Education is about passion

Helene Bam
Zubeth Morkel has been a teacher at M & K Gertze High School in Rehoboth for almost 27 years and shares her passion and wisdom about making a difference in the lives of learners.

1. What subjects do you teach and how else are you involved at your school?

I am teaching Office Practice to grade 10, 11 and 12 and Afrikaans to grade 10 and 12. I coach netball and I am also involved in athletics at the school. I was team manager of National teams for netball previous years, and also received USASA grading as an umpire in SA. This year, I changed and am now coaching the girls soccer team, which I really enjoy. I also received the best teacher award at my school in 2012.

2. What made you decide to pursue a career in education?

My mother was a teacher and my father also. So I had to become one, too. I had to be creative in making teaching not only a career, but also a passion. I quickly realized that good teaching is as much about passion as it is about reason. I have a love for learning that often has you seeking more information about things. I enjoy working with children and receive great satisfaction from helping others learn new things. Because I love challenges, it is specifically a challenge to see how a learner grows from a F- student to an A-student. I love motivating students to learn, teaching them how to learn, and doing so in a manner that is relevant, meaningful, and memorable.

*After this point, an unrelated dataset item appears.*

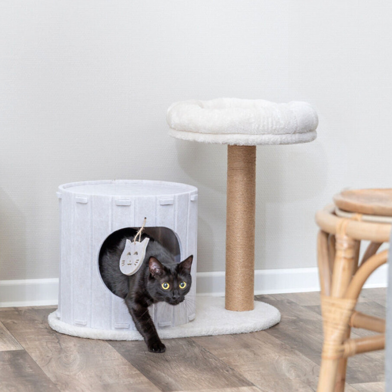 Škrabadlo Filia nabídne vaší kočce prostor pro chvíle hry, odpočinku i pro broušení drápků. Domeček z pevného filcu se zavěšenou hračkou a vyjímatelným poštářkem, škrábací sloupek z juty a plyšový pelíšek - to je kombinace, která uspokojí každou kočku.
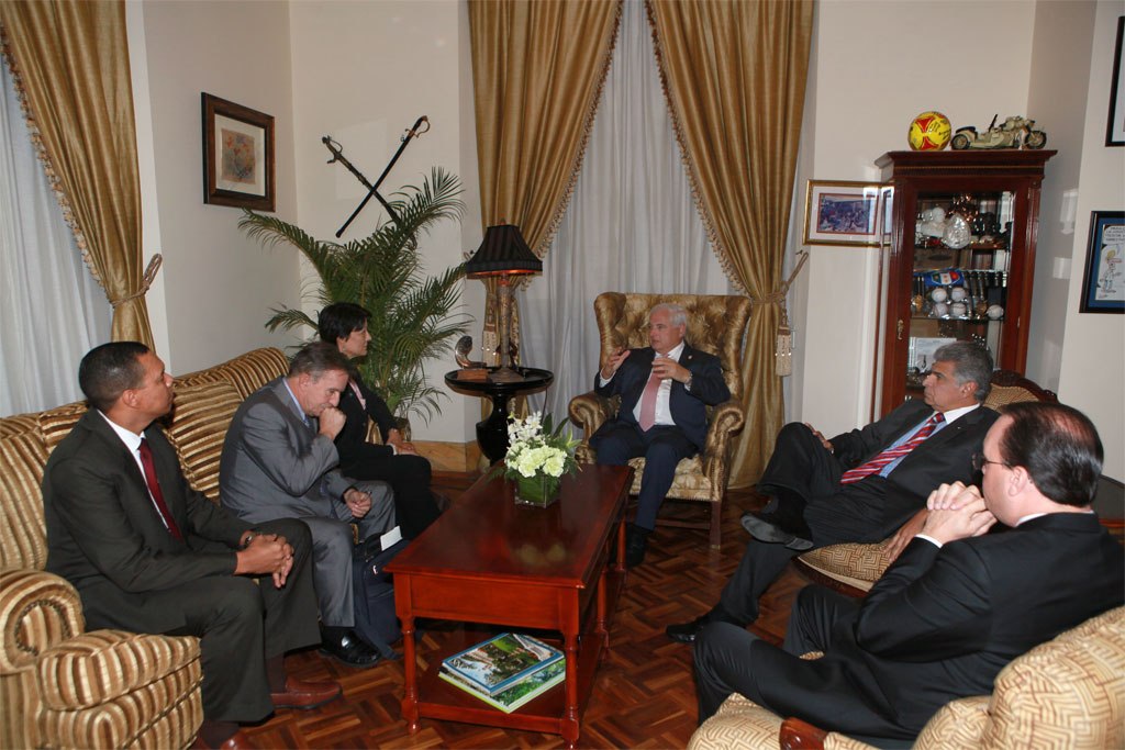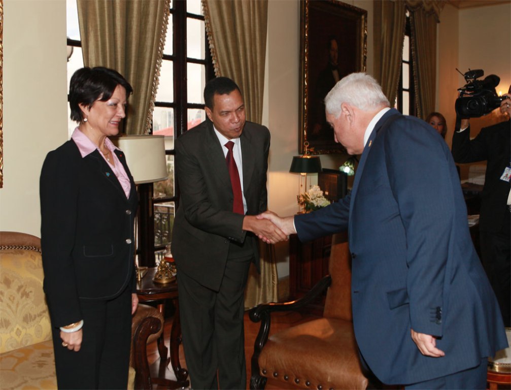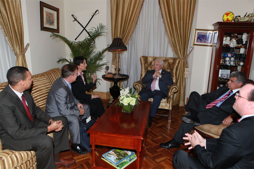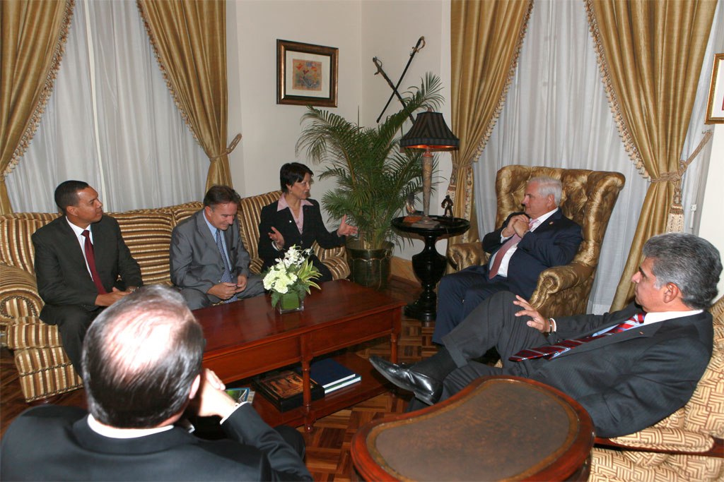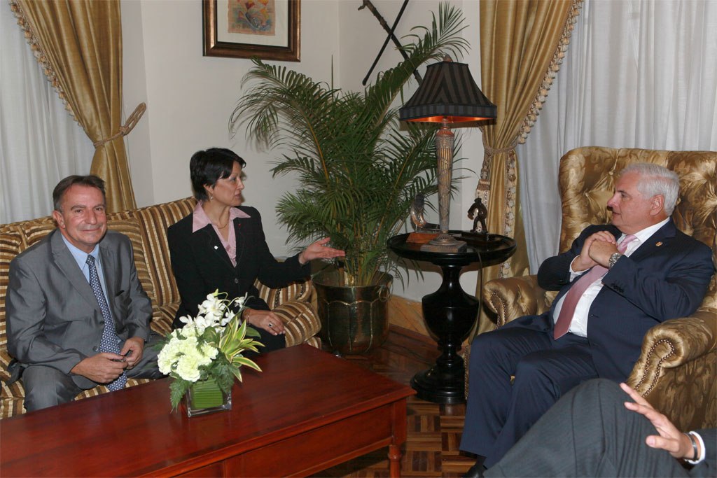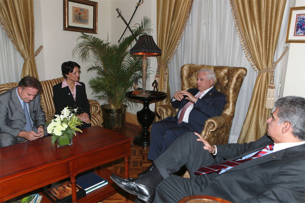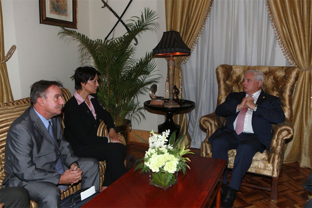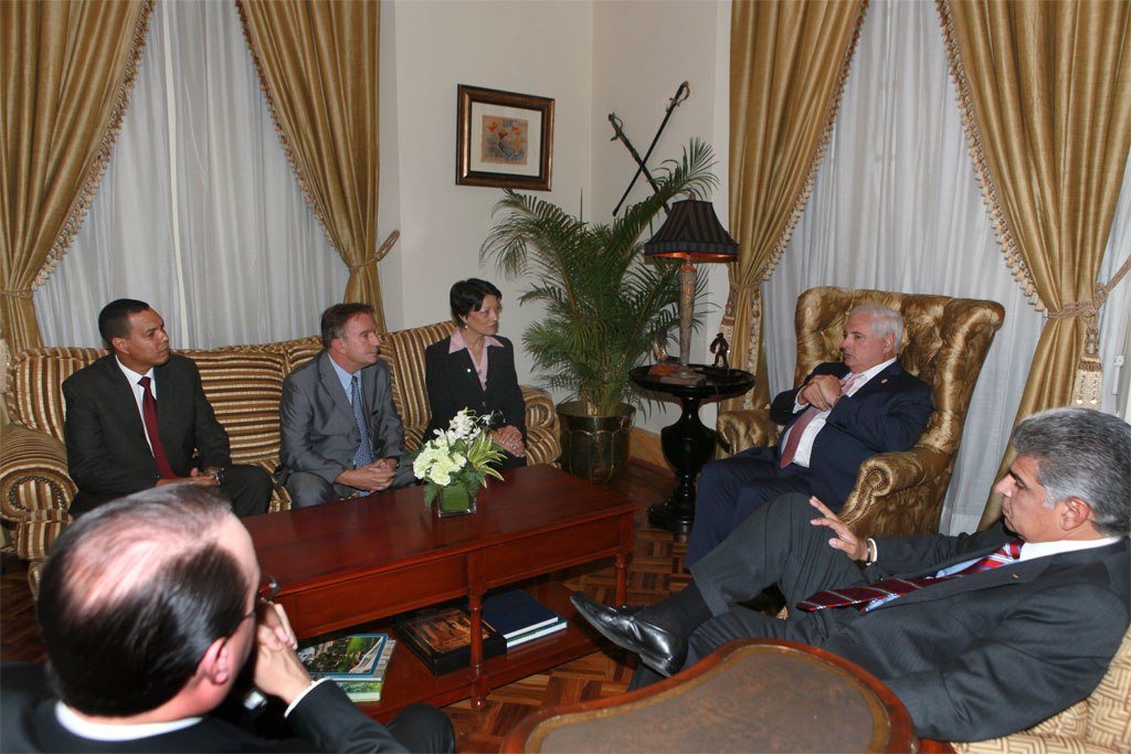 La Presidenta de la Organización Internacional de Policía Criminal Interpol, Mireille Ballestrazzi llegó de visita a Panamá este miércoles 16 siendo recibida en el Aeropuerto Internacional de Tocumen, por el subcomisionado Alexis Muñoz subdirector de Investigación Judicial y la capitana Gloria Silva Jefa de Interpol-Panamá. Tras la visita de Ballestrazzi a Panamá se reunió con el Excelentísimo señor Presidente de la República Ricardo Martinelli para tratar temas sobre la labor de esta organización de seguridad en cuanto a la lucha contra el narcotráfico y el crimen organizado. Entre los puntos tratados en la reunión con el Presidente Martinelli se habló sobre la cooperación policial de panamá a nivel regional e internacional incluyendo la cooperación a través de los canales de Interpol, cuya oficina en Panamá se encuentra en la sede de la Dirección de Investigación Judicial (DIJ) de la Policía Nacional. De igual forma se trataron, las actividades de Panamá en cuanto a la lucha contra el crimen organizado, particularmente sobre el tráfico de drogas, tráfico de armas y la lucha contra el crimen organizado, incluyendo el tema de pandillas. A esta reunión asistieron también; el Ministro de Seguridad Pública José Raúl Mulino, el Director general de la Policía Nacional Julio Armando Moltó, el subdirector de Investigación Judicial subcomisionado Alexis Muñoz y el jefe de gabinete de la señora Ballestrazzi Serge Antony. Ballestrazzi también visitó la Sede del Servicio Nacional Aeronaval (SENAN) donde se encuentra el Centro de Seguridad Operacional para Centroamérica, seguido asistió al Centro de Visitantes de Miraflores donde le fue explicada la función del Canal de panamá y tuvo la oportunidad de observar el paso de un crucero por aguas nacionales. Desde su llegada a Panamá, Ballestrazzi realizó diversas jornadas de reuniones en coordinación con la Oficina de Interpol-Panamá, finalizando su marcha la mañana de hoy viernes cuando viajó a Cartagena junto a la delegación diplomática que le acompañó. |

What is important is my sense of humour. This is very important — good teaching is also about humour. It’s often about making jokes, mostly at your own expense, so that the ice breaks and students learn in a more relaxed atmosphere where you, like them, are human with your own share of faults and shortcomings. Good teaching is about caring, nurturing, and developing minds and talents. I taught them one philosophy in life that as a child, the place where you find yourself has been handed by you by chance. But what you become depends on the decisions you make, and these decisions are limited only by the possibilities you imagine.

3. Please tell us what the most rewarding part of your job

At the end of the day, good teaching is about having fun and fundamental rewards when locking eyes with a student in the back row and seeing the synapses and neurons connecting, thoughts being formed, the person becoming better, and a smile cracking across a face as learning all of a sudden happens. Good teachers practice their craft not for the money or because they have to, but because they truly enjoy it and because they want to. I have an example of a student who can only speak English and Portuguese in my Afrikaans class who enrolled in Grade 10. He passed Afrikaans at the end of his JSC examination - that’s because of teaching with passion! I also take the challenge of new learner from the North who never had Office Practice in grade 8 and 9. She enrolled for Office Practice in Grade 10 and she got an A in the external examinations, and also falls under the top 50 of Namibia. You have that Elsie Gowases Case. A dropout learner in grade 9 and never passed KWP. Good teaching is also about bridging the gap between theory and practice.

4. Why should young people consider a career in education?

The challenges are exciting, and the rewards are priceless. Few accomplishments in life can measure up to the smile on a young boy’s face when he first realizes that he can, at long last write a good essay , or answer that difficult comprehension, or the delight expressed by a young woman who can do touch typing with no or few errors. So, if you want to inspire and instruct the next generation of musicians, mathematicians, nurses, scientists, astronauts, and philosophers, choose teaching! Teaching is the mother of all professions!

5. According to you what are some of the greatest challenges that the Namibian education system?

One of the biggest challenges in Namibia is high expectations. You expect that we will have money, expect a high pass rate, expect quality teaching etc. Expectation leads to disappointments. The Namibian education system still face many stumbling blocks including high drop-out rates, transfer cases and the quality of teachers.

Most of our teachers who are learning though distance studies, will never be the same as a teachers who are at university or college and are evaluated for their practical lessons. These teachers are the one who set the basic foundation for reading writing in espcecially the primary schools. They must get enough practical exposure on how to teach primary children to read and write. We have many school children in grade 8 who cannot even read! We have to monitor whether teachers work is up to standard or not.

We know only too well that although Namibia has some wonderful schools, in both rural and urban areas but too many of our schools still get very poor results and are not giving our children the skills they need for a globalised, knowledge-based society. We find ourselves in social and economic circumstances that are hostile to good education, where too many people are hindered in their learning because of extreme poverty, now being made worse by HIV and Aids.

We find ourselves in social and economic circumstances that are hostile to good education, where too many people are hindered in their learning because of extreme poverty, now being made worse by HIV and Aids.